- Born: Tapfumaneyi Maurice Nyagumbo 12 December 1924 Makoni, near Rusape, Zimbabwe
- Died: 20 April 1989 (aged 64)
- Occupation: Politician
- Known for: politics
- Notable work: With the People: An Autobiography From the Zimbabwe Struggle (1979)

= Maurice Nyagumbo =

Zimbabwean politician (1924–1989)

Tapfumaneyi Maurice Nyagumbo (12 December 1924 – 20 April 1989) was a Zimbabwean politician, who spent almost two decades in prison as a consequence of his political activities.

==Life and career==
Nyagumbo was born in 1924, in Makoni, near Rusape, Zimbabwe, into a family of four boys and three girls, and had his primary education at St Faith Anglican Mission and St Augustine's Penhalonga.
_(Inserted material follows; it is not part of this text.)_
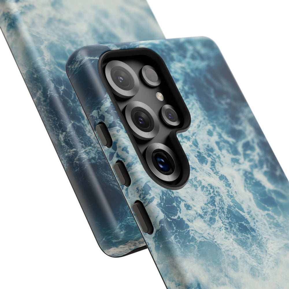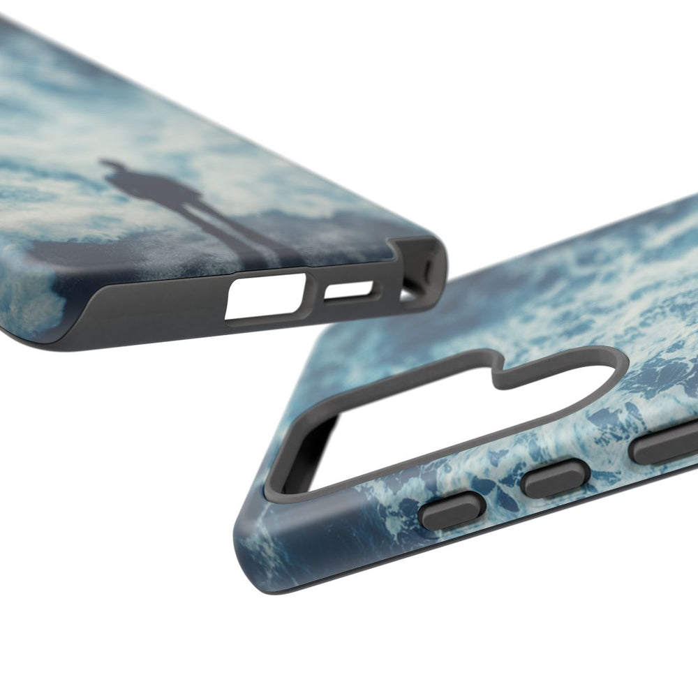 Dit telefoonhoesje toont een persoon die op een donkere ondergrond staat en uitkijkt over een onstuimige oceaan. De golven zijn schuimend en wit, wat mooi afsteekt tegen het diepe blauw van het water. De persoon is van achteren te zien, gekleed in donkere kleding en werpt een schaduw op de grond. Deze afbeelding vangt de krachtige en dynamische beweging van de zee. Het matte, stevige hoesje is gemaakt van polycarbonaat en TPU, en biedt uitstekende bescherming en duurzaamheid, ook buitenshuis. Ondersteunt draadloos opladen.

In the 1940s he travelled in search of employment to South Africa, where he was introduced to the South African Communist Party, and was a member until its banning in 1948.

His political associates at various times included James Chikerema and Joshua Nkomo. In 1955 Nyagumbo became a founding member of the Zimbabwe Youth League. In 1959 he joined the Zimbabwe African National Congress and later that year he was detained. He spent most of the subsequent two decades in prison in Rhodesia, until his release on 12 December 1979. During his time in detention he wrote a book, With the People: An Autobiography From the Zimbabwe Struggle, which was published soon after independence (Allison & Busby, 1979).
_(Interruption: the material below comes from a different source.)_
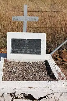 The phrase was used again by the CWGC for unknown graves of the 1939-45 war in which use it is preceded by the phrase "a soldier of the Second World War" or a variant thereof. It has been used on the gravestones of the British dead of the 1899–1901 Second Boer War, for example at Spion Kop where some graves read: "A brave British soldier – known unto God", though these stones do not seem to be contemporary to the war.[19] The phrase continues to be used in modern works, for example a British poet included it as a line in a work to honour the dead of the Malaysia Airlines Flight 17 in 2014.[20]
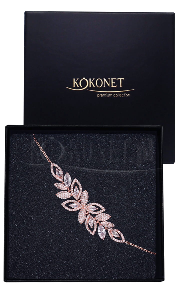 Dalma rose to przykład eleganckiej ślubnej bransoletki z motywem rustykalnym w wydaniu glamur. Biżuterii z tej serii przewodzi motyw listków łączący większe i mniejsze cyrkonie tworząc estetyczną całość. Na końcu strony znajdziesz do kompletu perfekcyjnie dopasowany naszyjnik oraz kolczyki.

Nyagumbo was elected to the House of Assembly in 1980. He was a ZANU (the Zimbabwe African National Union) representative in the 1985 talks to merge ZANU and Nkomo's ZAPU. Nyagumbo was later appointed Minister of Mines, and then was Minister of Political Affairs until 1988, when he became Senior Minister of State for Political Affairs. He resigned from his ministerial post and his post as administrative secretary of the governing party on 13 April 1989, in the wake of a report investigating corruption involving the sale of vehicles on the black market by Willowvale Motor Industries.

Nyagumbo was implicated in a 1989 scandal involving illegal car sales by government officials and members of parliament, dubbed Willowgate (referencing the Willowvale car assembly plant), and in April 1989, aged 64, he committed suicide by drinking rat poison, ashamed that he had betrayed the trust of the people he had fought so hard to liberate.